Invitation to the Annual General Meeting
Invitation to the Annual General Meeting
Neste Oil Corporation's shareholders are hereby invited to the Annual General Meeting to be held on Thursday, 14 April 2011, beginning at 11.00 am EET, in the Congress Wing of the Helsinki Fair Centre at Messuaukio 1, Helsinki. Registration and the distribution of voting papers will begin at 10.00 am.
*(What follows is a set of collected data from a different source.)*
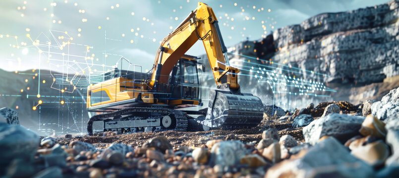 A yellow excavator works on a rocky terrain with a futuristic data visualization overlay of graphs and numbers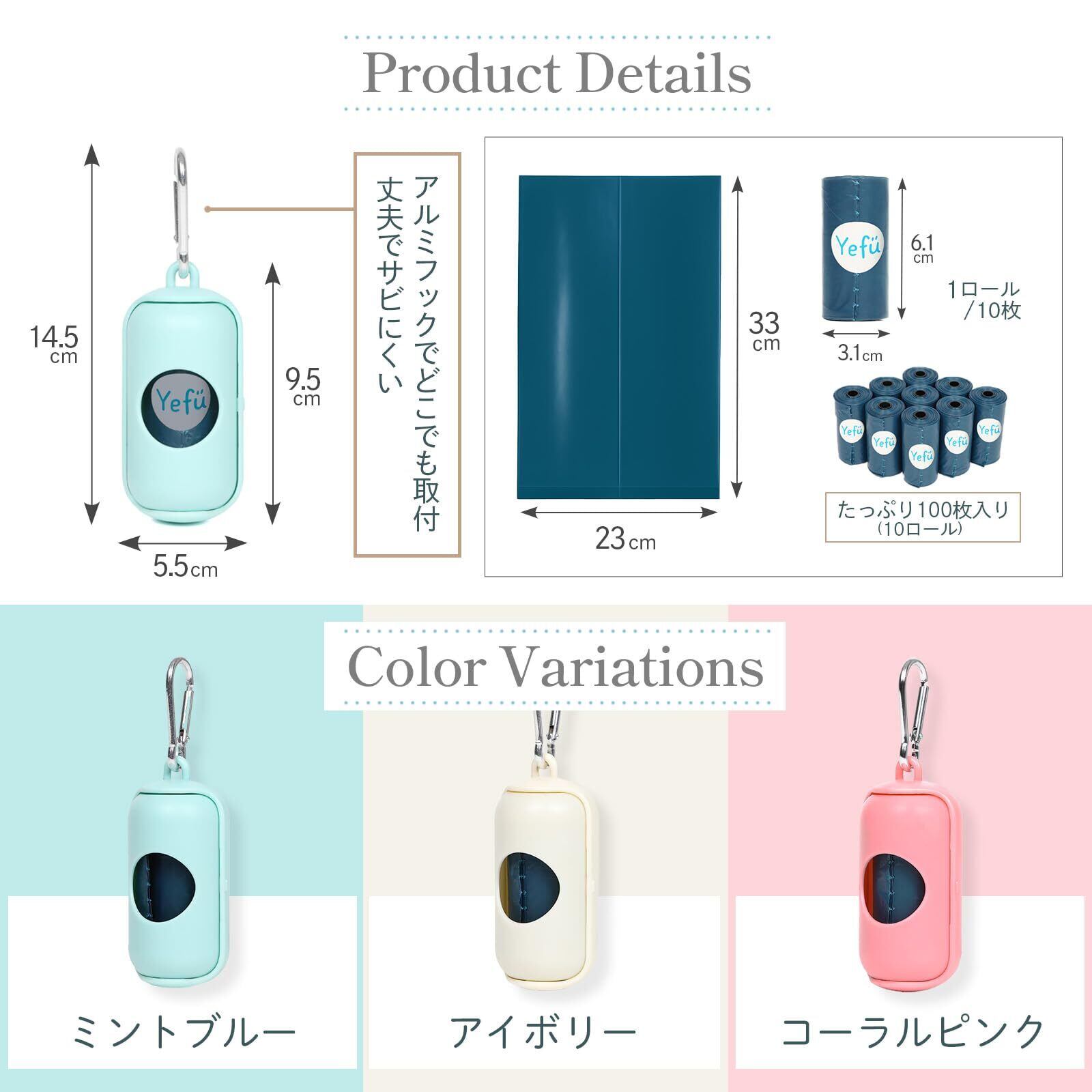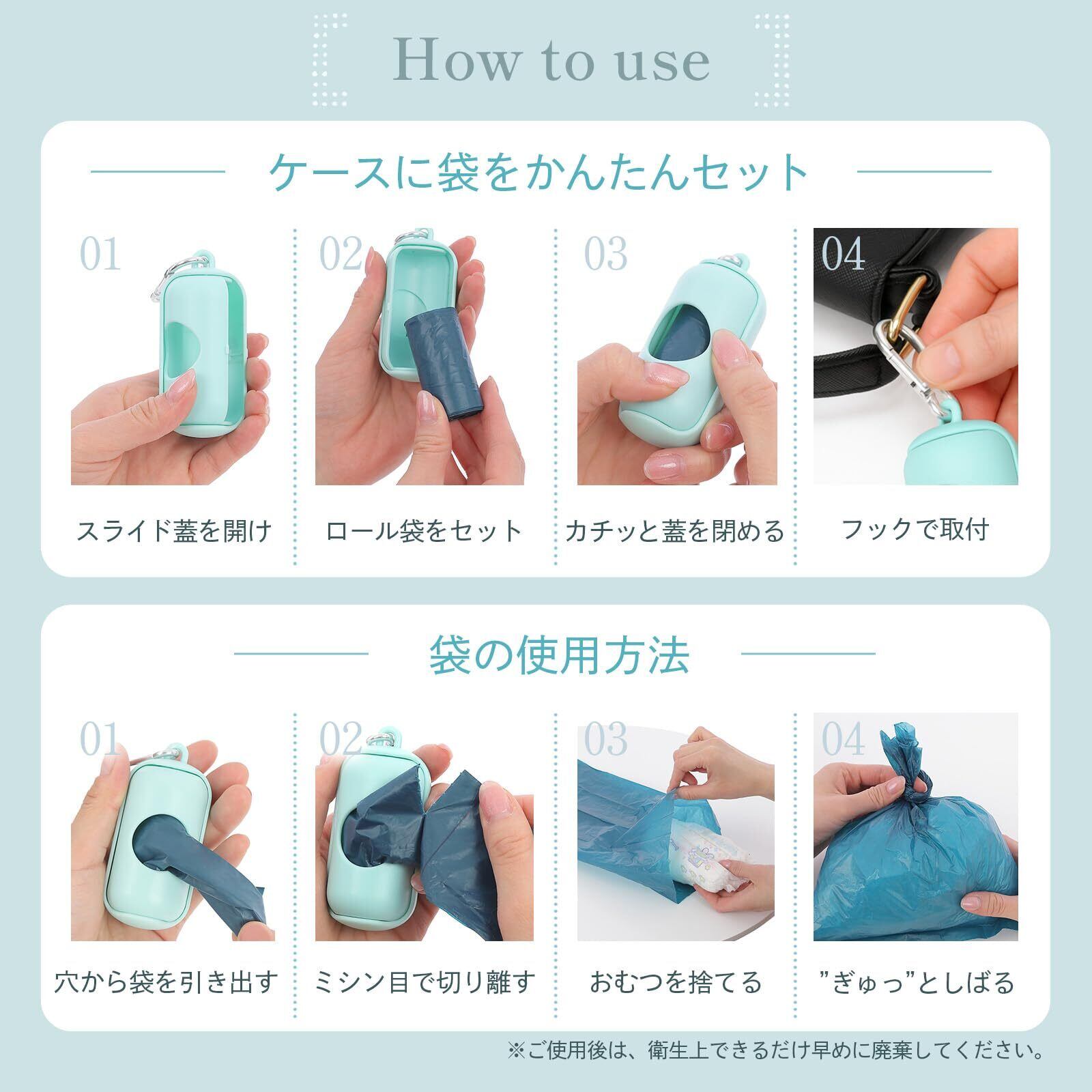 内容量:袋100枚(10ロール)、携帯用ケース1個付き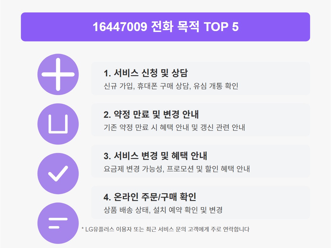 LG유플러스는 다양한 채널을 통해 고객과 소통하고 있으며, 16447009는 주로 온라인 서비스 이용 고객을 위한 전용 상담 번호입니다.
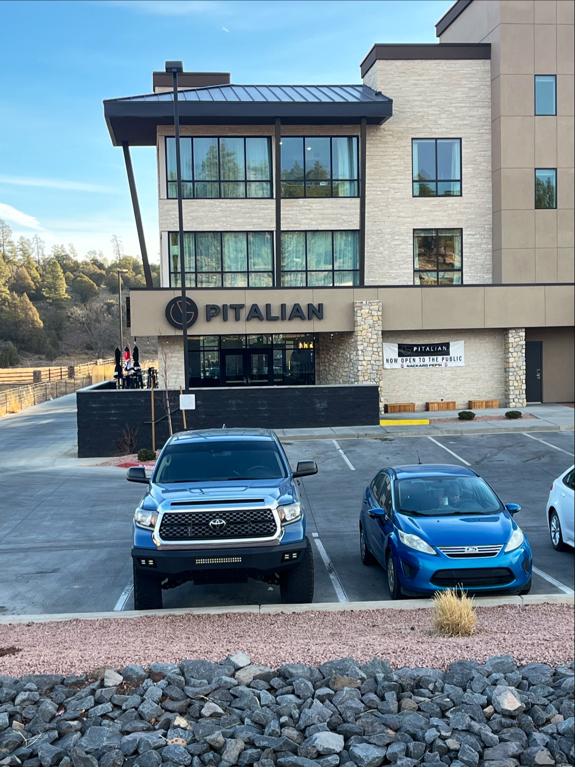 Read moreMy thoughts are varied on this establishment. The pizza was pretty good. The pasta was wet, soggy, and did not pair well with the low quality Alfredo sauce. It paired even worse with the watery marinara sauce forming a soup on the bottom of the bowl. I suggest you forget this place has pasta because no joke, pasta from a grocery store brand box is better. Order the pizza which is good if not a bit overpriced for the area. 17-20 dollars after tax for a very small pie is a stretch, especially after you include tip for unknown reasons. This place is pretty mediocre as a whole with the exception of the awesome view. Ordering was also a mess, but I feel like that will likely dissipate with time and experience. We had to repeat our whole order because there's no connection between ordering and checking out. Not so bad if you're one person but a party of 5 or more... That's a little annoying to recite. The service was pretty much non existent aka counter service for us. Of course, the 3 options to tip 15 - 20% for the unclear level of involvement of the staff members were present BEFORE receiving food, a pet peeve of mine. It sounds like they have some growing to do. I hope they improve the pasta, service, and overall process because they have a gold mine...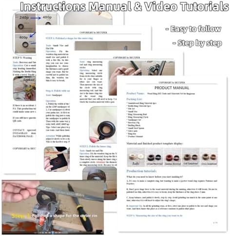 - COMPLETE KIT & EASY TO MAKE WITHOUT A MESS -This kit comes with everything you need to make Ring Artworks. 6 Wood File, Assorted Grit Sandpaper (120,240,400, 800, 2000..), Tutorial template and all crafting supplies necessary to finish ring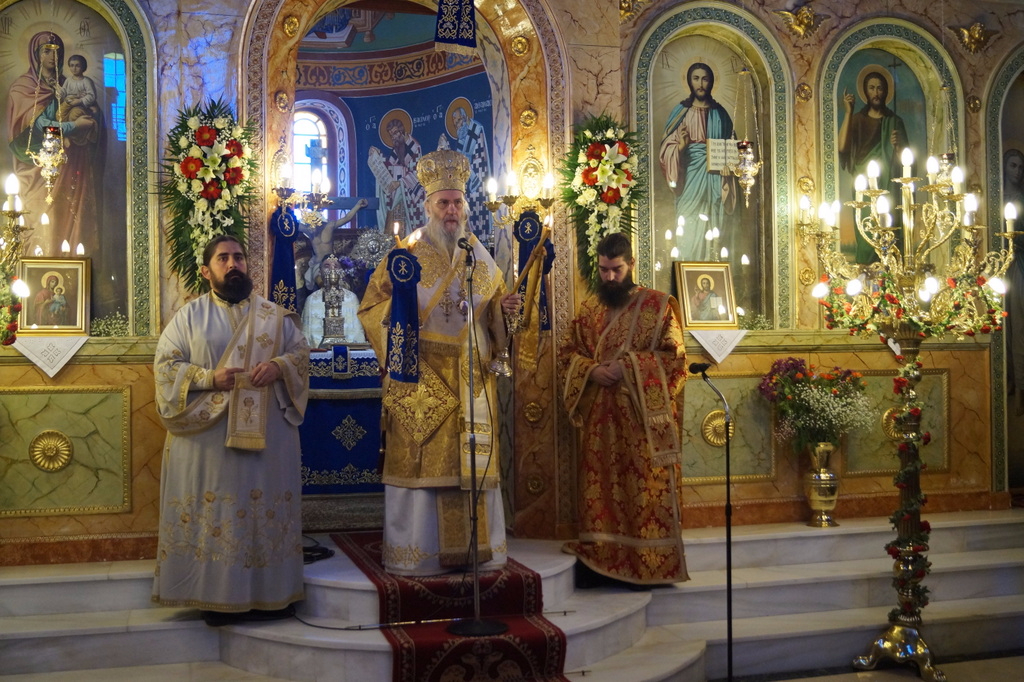 Ἀνήμερα, ἐτελέσθη Ἀρχιερατικό Συλλείτουργο, προεξάρχοντος τοῦ Σεβασμιωτάτου Μητροπολίτου Φιλαδελφείας κ. Μελίτωνος, τοῦ Οἰκουμενικοῦ Πατριαρχείου, συλλειτουργούντων τῶν Σεβασμιωτάτων Μητροπολιτῶν: Ναυπάκτου καί Ἁγίου Βλασίου κ. Ἱεροθέου, Πατρῶν κ. Χρυσοστόμου καί τοῦ Θεοφιλεστάτου Ἐπισκόπου Κερνίτσης κ. Χρυσάνθου.

A. Matters to be discussed and the agenda
The following matters will be discussed at the AGM:
1. Opening of the meeting
2. Matters of order for the meeting
3. Selection of the examiners of the minutes and ballots
4. Establishing that the meeting is competent and forms a quorum
5. Confirmation of shareholders present and the voting list
6. Presentation of the Financial Statements for 2010, including also the Consolidated Financial Statements, and the Review by the Board of Directors, the Auditor's Report, and the Statement of the Supervisory Board
- Review by the President & CEO
7. Adoption of the Financial Statements, including also the adoption of the Consolidated Financial Statements
8. Use of the profit shown in the Balance Sheet and deciding the payment of a dividend
The Board of Directors will propose to the AGM that a dividend of EUR 0,35 per share shall be paid on the basis of the approved balance sheet for 2010. This will be paid to shareholders who are included in the list of shareholders maintained by Euroclear Finland Oy on the record date set for payment of the dividend, which shall be Tuesday, 19 April 2011. The Board will propose to the AGM that payment shall be made on Thursday, 28 April 2011.
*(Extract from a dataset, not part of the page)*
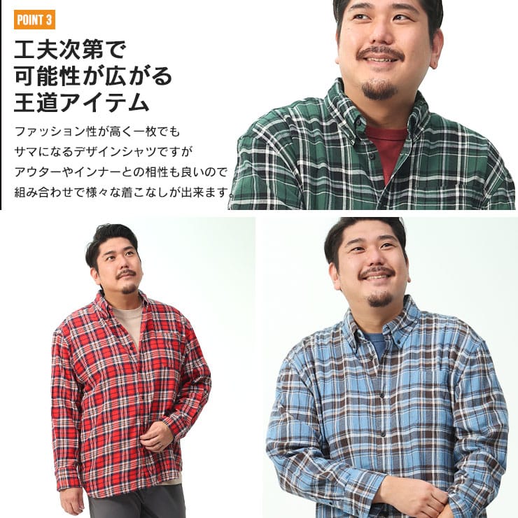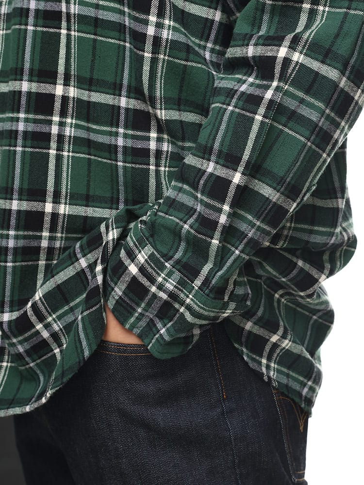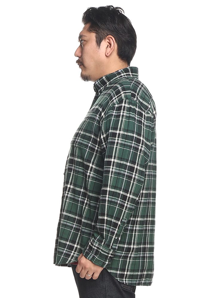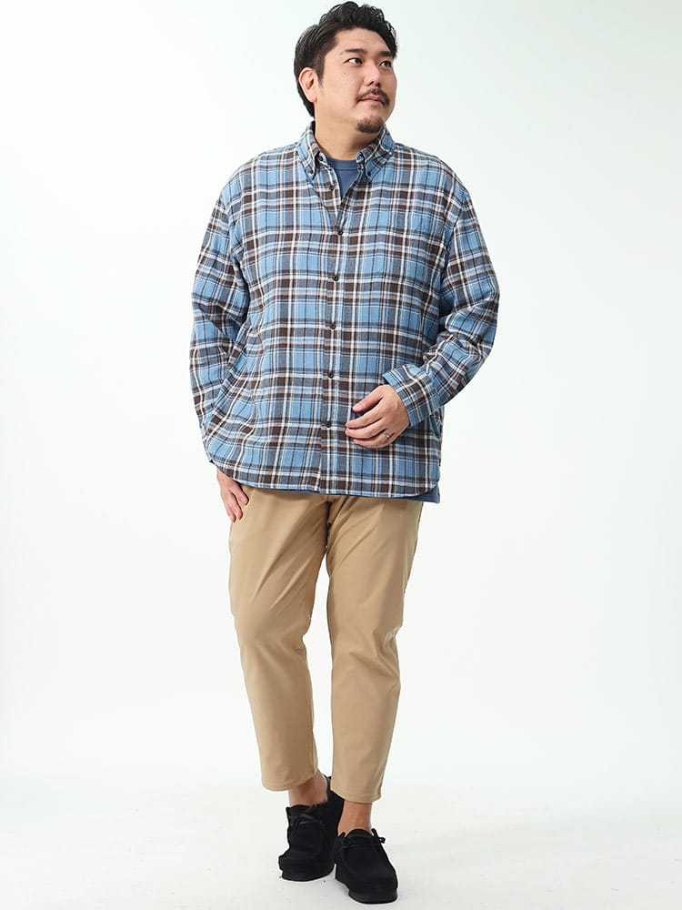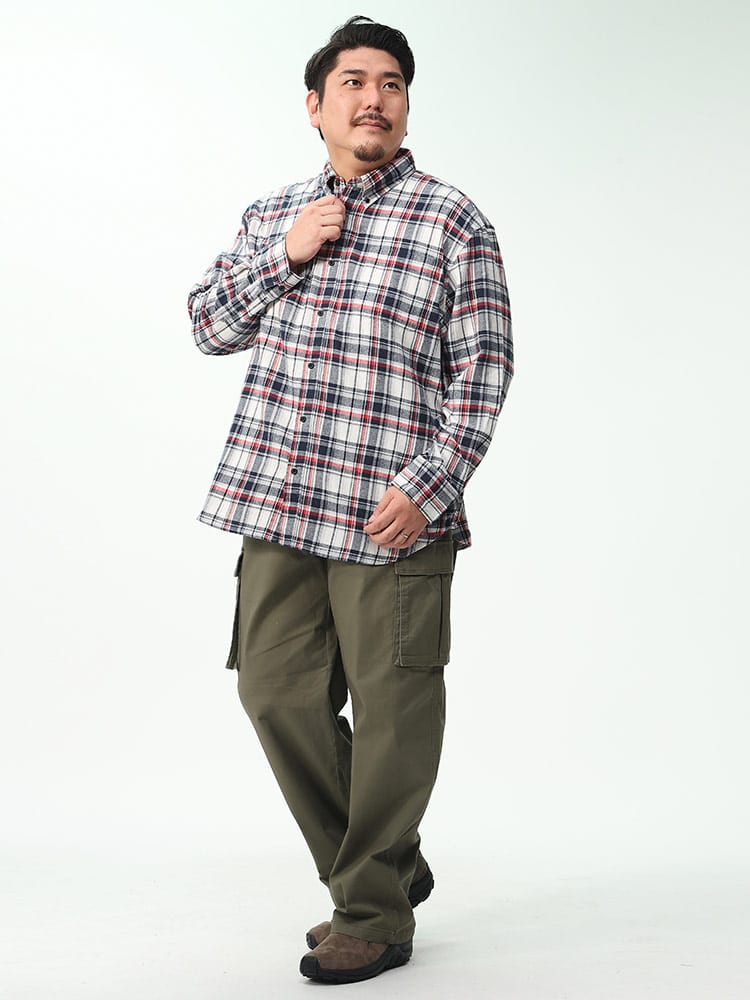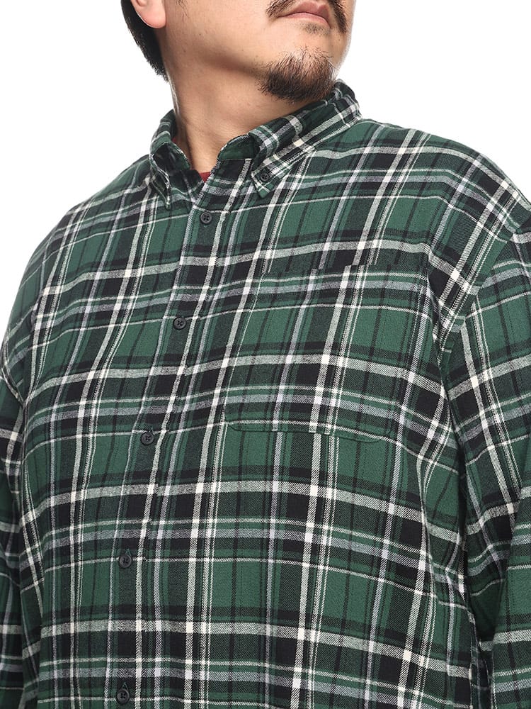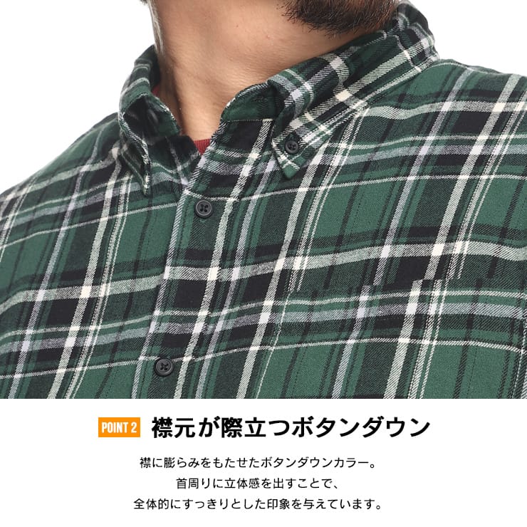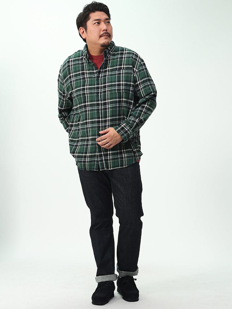 B&T CLUBのフランネルシャツは、綿100%の素材で、ソフトな肌触りと快適な着心地を提供します。温かみのあるフランネルは、冷える季節に適した選択で、耐久性も抜群です。綿の持つ自然な風合いが、シャツのチェックデザインを一層際立たせます。ボタンダウンのカラーが、カジュアルながらもきちんとした印象を持たせ、多様なスタイリングに対応します。

9. Deciding the discharge of the members of the Supervisory Board and the Board of Directors, and the President & CEO from liability
10. Deciding the remuneration to be paid to the members of the Supervisory Board
11. Deciding the number of members of the Supervisory Board
12. Election of the Chairman, Vice Chairman, and members of the Supervisory Board
13. Deciding the remuneration of the members of the Board of Directors
The AGM Nomination Committee will propose to the AGM that the annual remuneration paid to the Chairman of the Board of Directors, the Vice Chairman, and the other Board members for the term of office lasting until the conclusion of the next AGM shall remain unchanged, in other words that the Chairman shall receive EUR 66,000 a year, the Vice Chairman EUR 49,200 a year, and other members EUR 35,400 a year each. In addition, an attendance payment of EUR 600 per meeting shall be made to Board members attending meetings of the Board and its committees, and members' expenses reimbursed in accordance with the Company's travel policy. The attendance payment shall be doubled, to EUR 1,200 per meeting, for members of the Board living outside Finland.
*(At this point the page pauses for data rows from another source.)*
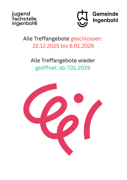 Das Jugendbüro am Donnerstag entfällt, da hier fast nie Besucher und Besucherinnen gekommen sind. Wer Beratung wünscht oder ein Projekt starten will, kann eine Zeit von Mittwoch bis Freitag mit dem Team der Jugendfachstellt vereinbaren.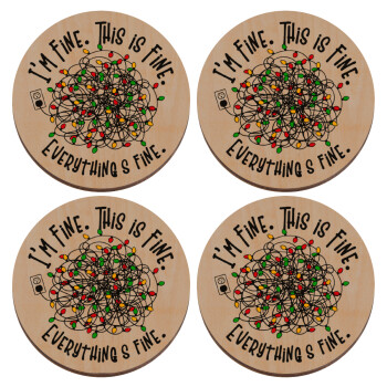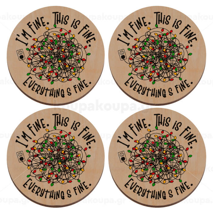 It's Fine I'm Fine Everything Is Fine, ΣΕΤ x4 Σουβέρ ξύλινα στρογγυλά plywood (9cm)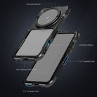 - 1 Click Installation & Full Access- Quickly open and lock via side button and have full access to camera, buttons, and charging port. Slide in the filter adapter and lens backplate, then close the top bracket to secure even heavy filters and lenses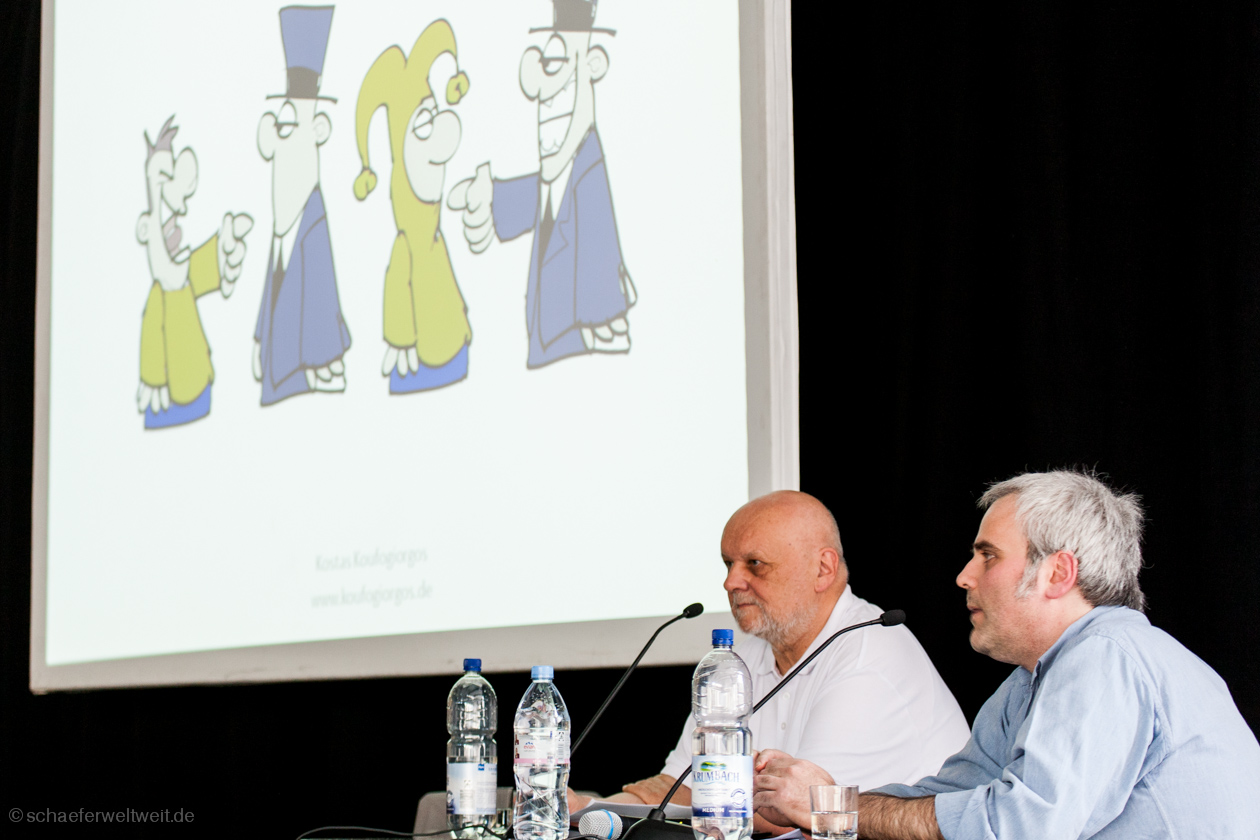 Die ‚Anatomie der Karikatur‘ ist aber nicht nur durch die Cartoons ein tolles Buch geworden, sondern auch durch die Texte, in denen uns diese besondere Art der Zeichnungen ein bisschen näher gebracht wird. Sie motivieren dazu, mal etwas genauer hinzuschauen und nicht nur den kurzen Lacher zu suchen oder beim ersten Schock einer Karikatur schon abzuwinken, sondern einen Schritt zurückzutreten und noch einmal nachzudenken.

14. Deciding the number of members of the Board of Directors
The AGM Nomination Committee will propose to the AGM that the number of Board members shall be confirmed at eight.
15. Election of the Chairman, Vice Chairman, and members of the Board of Directors
The AGM Nomination Committee will propose to the AGM that the following members of the current Board of Directors - Mr. Timo Peltola, Mr. Michiel Boersma, Ms. Maija-Liisa Friman, Ms. Nina Linander, Mr. Hannu Ryöppönen, and Mr. Markku Tapio - shall be re-elected to sit until the conclusion of the next AGM and that Ms. Laura Raitio and Mr. Jorma Eloranta shall be elected as new members. The AGM Nomination Committee will propose that Mr. Timo Peltola shall continue as Chairman and that Mr. Jorma Eloranta shall be elected Vice Chairman.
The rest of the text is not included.